Featured Poem: Sonnet 129 by William Shakespeare
No darling buds of May in evidence here. Shakespeare's subject is lust: "Had, having, and in quest to have". Before consummation, lust is "perjur'd, murderous, bloody, full of blame, / Savage, extreme, rude, cruel, not to trust". And then "no sooner had, / Past reason hated, as a swallow'd bait, / On purpose laid to make the taker mad".
Poor Anne, you might say.
But this sonnet really demonstrates Shakespeare's technical mastery: his syntactical tricks and tropes generate tremendous rhythm and energy.
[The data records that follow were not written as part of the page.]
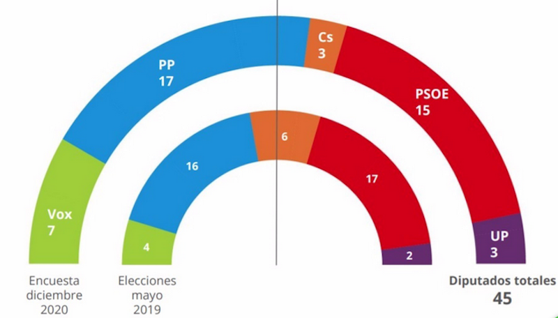 El PSOE se mantiene en segunda posición, pero continúa la tendencia a la baja, perdiendo 3 puntos respecto al mes de diciembre y cae hasta los 13 diputados, perdiendo 4 respecto a las elecciones de 2019.
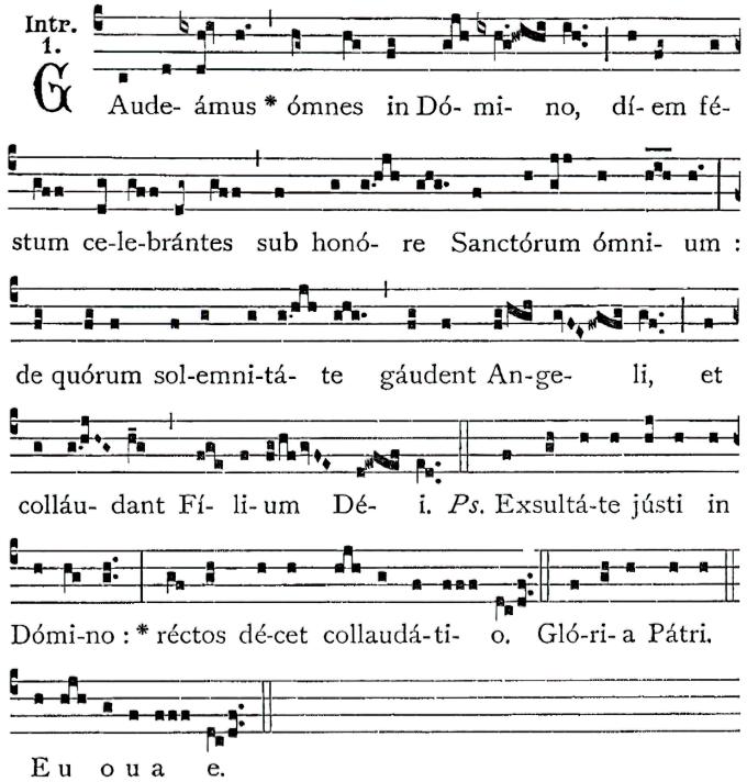 Gaudeamus omnes in Domino, diem festum celebrantes sub honore Sanctorum omnium : de quorum solemnitate gaudent angeli, et collaudant Filium Dei. Exsultate iusti in Domino, rectos decet collaudatio.
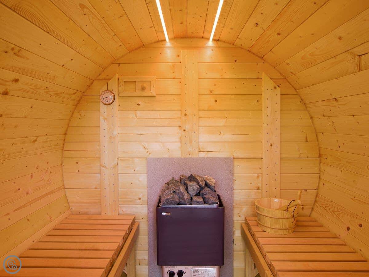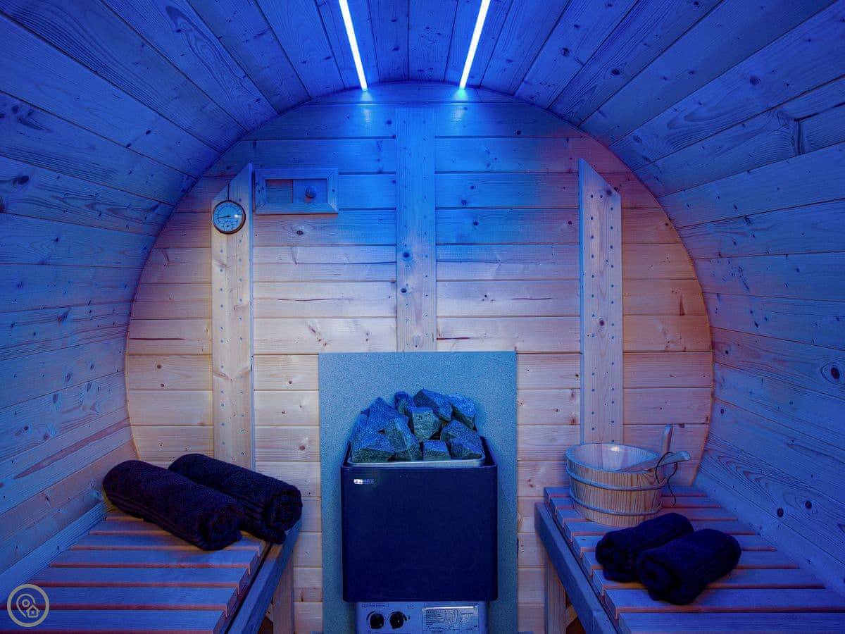 The garden is enclosed, which is good if you've got dogs or kids. There's a patio with a BBQ and an outdoor pizza oven. There's also a covered hot tub and a barrel sauna out there. We get them serviced regularly.

Reading aloud (as you should be), you can hear his frenzied argument struggling against the confines of the sonnet form, like Man struggling against his own biology. In both cases, there is no escape: only a temporary release of tension in the final clinching couplet.
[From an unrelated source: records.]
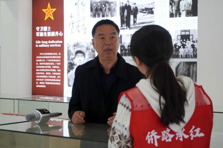 1月16日上午,實(shí)踐團(tuán)首站抵達(dá)陳青山將軍紀(jì)念館。團(tuán)隊(duì)成員首先對(duì)館長(zhǎng)進(jìn)行了深度訪談。館長(zhǎng)動(dòng)情地回憶起1994年與將軍的一面之緣,正是這份特殊的緣分,驅(qū)使他全心投入紀(jì)念館的建設(shè)與研究。接著,在館長(zhǎng)的引領(lǐng)與生動(dòng)講解下,團(tuán)隊(duì)依次參觀了“少年求生”“回國(guó)奮戰(zhàn)”“卸甲歸僑”“心存社稷”等展區(qū),系統(tǒng)梳理了將軍從馬來(lái)西亞歸國(guó)投身革命、征戰(zhàn)瓊崖到晚年心系桑梓的壯闊人生。
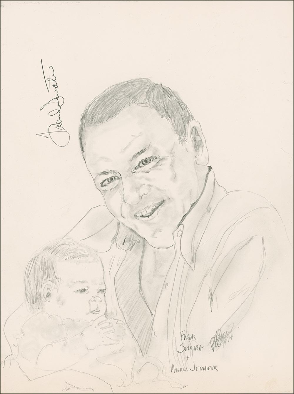 Original pencil sketch of Sinatra holding his granddaughter Angela, done in an admirer’s hand, on an off-white 9 x 12 sheet, signed vertically in black ink by Sinatra. In fine condition.
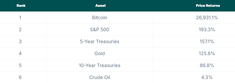 Raport ujawnia zatrważająco większe zwroty Bitcoina w porównaniu do złota, akcji i obligacji skarbowych USA.
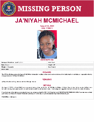 The FBI is offering a reward of up to $10,000 for information leading to the arrest and conviction of the individual, or individuals, responsible for the disappearance of Ja’Niyah McMichael.
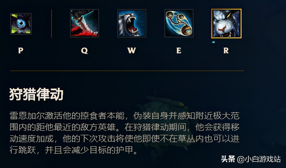 4技能:狮子狗获得40%/50%160%移动速度和在2500/3000/3500码内距他最近的敌方英雄的真实视野,持续12/16/20秒。在最初的2秒后雷恩加尔进入伪装状态,并且即使不在草丛里时也可以跃向一名敌人。跃向最近的敌人会造成(50%*AD)物理伤害并使目标的护甲减少12/18/24,持续4秒。1600码内的敌方英雄及其附近的友军都可以感知到处于【狩猎律动】状态的雷恩加尔。被【狩猎律动】所显形的敌人只要呆在追踪范围内就会处于被显形状态。攻击或施放大部分技能都会让狩猎律动】结束。潜行-伪装这个角色不会被敌方单位所看见。附近的敌方英雄和敌方防御塔会使其显形。

Now where did I put those cigarettes...?
Sonnet 129
The expense of spirit in a waste of shame
Is lust in action; and till action, lust
Is perjur'd, murderous, bloody, full of blame,
Savage, extreme, rude, cruel, not to trust;
Enjoy'd no sooner but despised straight;
Past reason hunted; and no sooner had,
Past reason hated, as a swallow'd bait,
On purpose laid to make the taker mad:
Mad in pursuit, and in possession so;
Had, having, and in quest to have, extreme;
A bliss in proof,- and prov'd, a very woe;
Before, a joy propos'd; behind a dream.
All this the world well knows; yet none knows well
To shun the heaven that leads men to this hell.